Perché mai dovremmo credere a Gambetta/Guarracino/Veltroni? Perché dovremmo telefonare al 5302 per sapere che tutto va bene madama la marchesa?
Sono poi Gambetta/Solvay/Veltroni che devono fornire le garanzie ai lavoratori e ai cittadini? Non sono loro. Dovrebbero essere le istituzioni pubbliche: ARPA, ASL, Prefetto, Comune, Provincia, Regione. Nessuna di queste ha mai avuto la spudoratezza di pronunciare l’affermazione di Gambetta: “Tutto il possibile per garantire la salute e la sicurezza è stato fatto”. Nessuno di loro. Allo stesso tempo nessuno di loro ha svolto il proprio compito fino in fondo.
Chi dunque dovrebbe dare le garanzie? L’unico strumento di garanzia sarebbe l’Osservatorio ambientale della Fraschetta, come avevamo dettagliatamente proposto e sollecitato per decenni. Tramite l’Osservatorio ( quello vero, non quello finto che forse sulla carta risulta) con l’autogestione i cittadini sarebbero in grado di controllare direttamente i fattori di rischio, non delegando ma avendo a servizio gli enti pubblici.
Un sindacato responsabile e onesto dovrebbe essere il primo a sostenere, anzi a rivendicare il vero democratico Osservatorio. Il quale, invece delle incredibili rassicurazioni di Gambetta/Solvay/Veltroni, sarebbe in grado di pretendere dagli enti pubblici e di fornire ai cittadini i dati reali delle emissioni in atmosfera/acqua/suolo, i dati reali su malattie/morti dei lavoratori e dei cittadini, le reali misure necessarie per l’allarme, l’evacuazione e l’assistenza di migliaia di cittadini colpiti dal possibile evento catastrofico. Invece di adempiere a questo dovere morale, il sindacato -non solo disinformato e incompetente- nelle parole di Gambetta da addirittura adito a ritenere che nasconde le magagne dell’azienda.

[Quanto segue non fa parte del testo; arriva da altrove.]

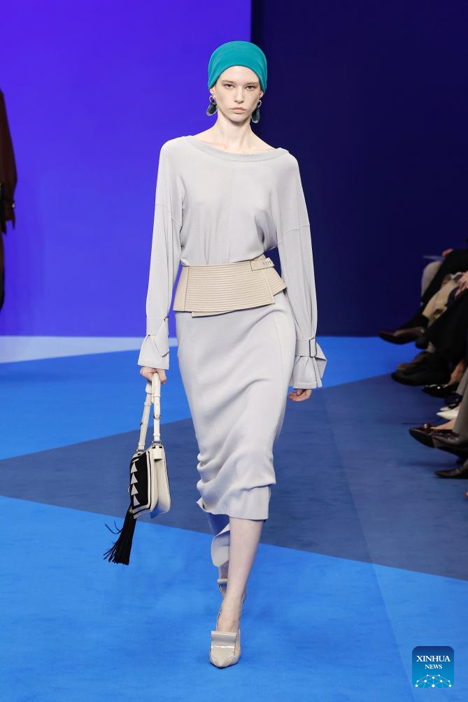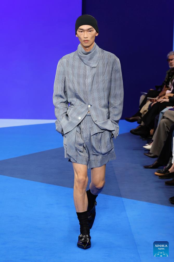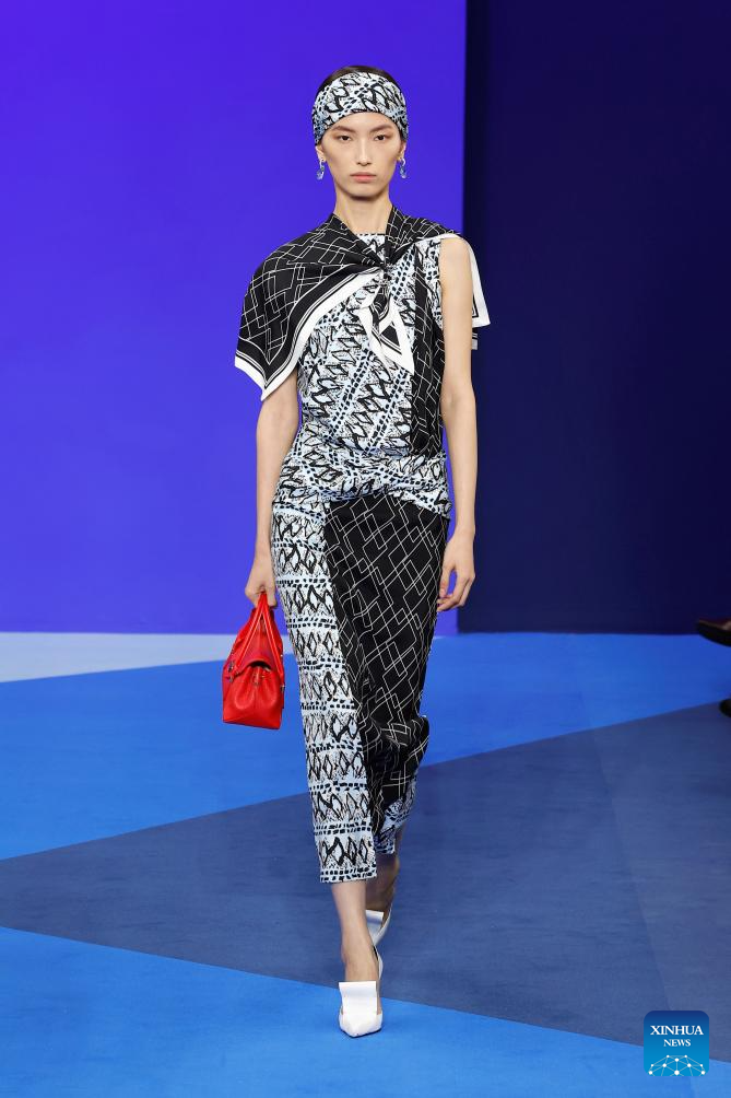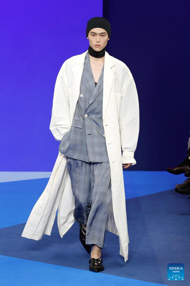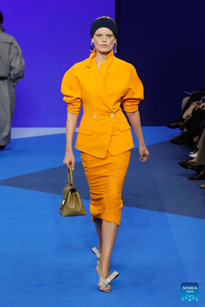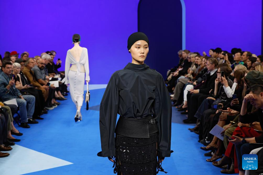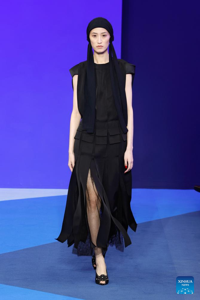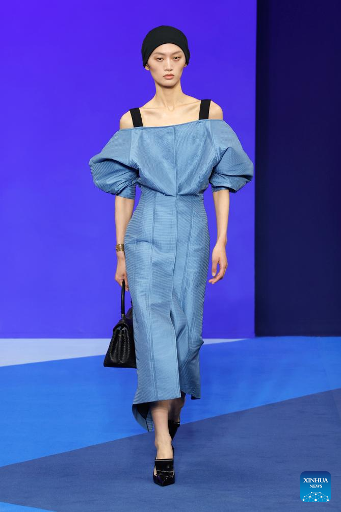 A model presents creations from the ready-to-wear Spring/Summer 2026 collections by Lanvin during the Paris Fashion Week, in Paris, France, on Sept. 30, 2025. (MeetEurope/Handout via Xinhua)

Sì, è vero, come scrive Gambetta, è convinzione generale (basta interrogare qualunque lavoratore in attività o in pensione) che “i delegati sindacali all'interno dello stabilimento (ma di conseguenza anche le organizzazioni sindacali di categoria alessandrine) non contino niente anzi, siano succubi alla direzione”.
Le RSU attuali, eliminato il Consiglio di fabbrica, ricordano le RSA, le Commissioni interne prima del ’68. Quando c’era un gruppetto di “sindacalisti” che l’azienda manteneva distaccata dai posti di lavoro, a bighellonare o gestire la mensa, il dopolavoro o la cassa mutua, a controllare la distribuzione di tute e scarpe, a facezie del genere, piccoli favori, clientelismo spicciolo, “sindacalisti” buoni, collaborativi, consapevoli che se avessero trasgredito la direzione li avrebbe rimandati a lavorare. (Era convinzione generale che alcuni sindacati e sindacalisti fossero a libro paga. Ma probabilmente non ce n’era bisogno: per quel che valevano si accontentavano di privilegi e clientelismo).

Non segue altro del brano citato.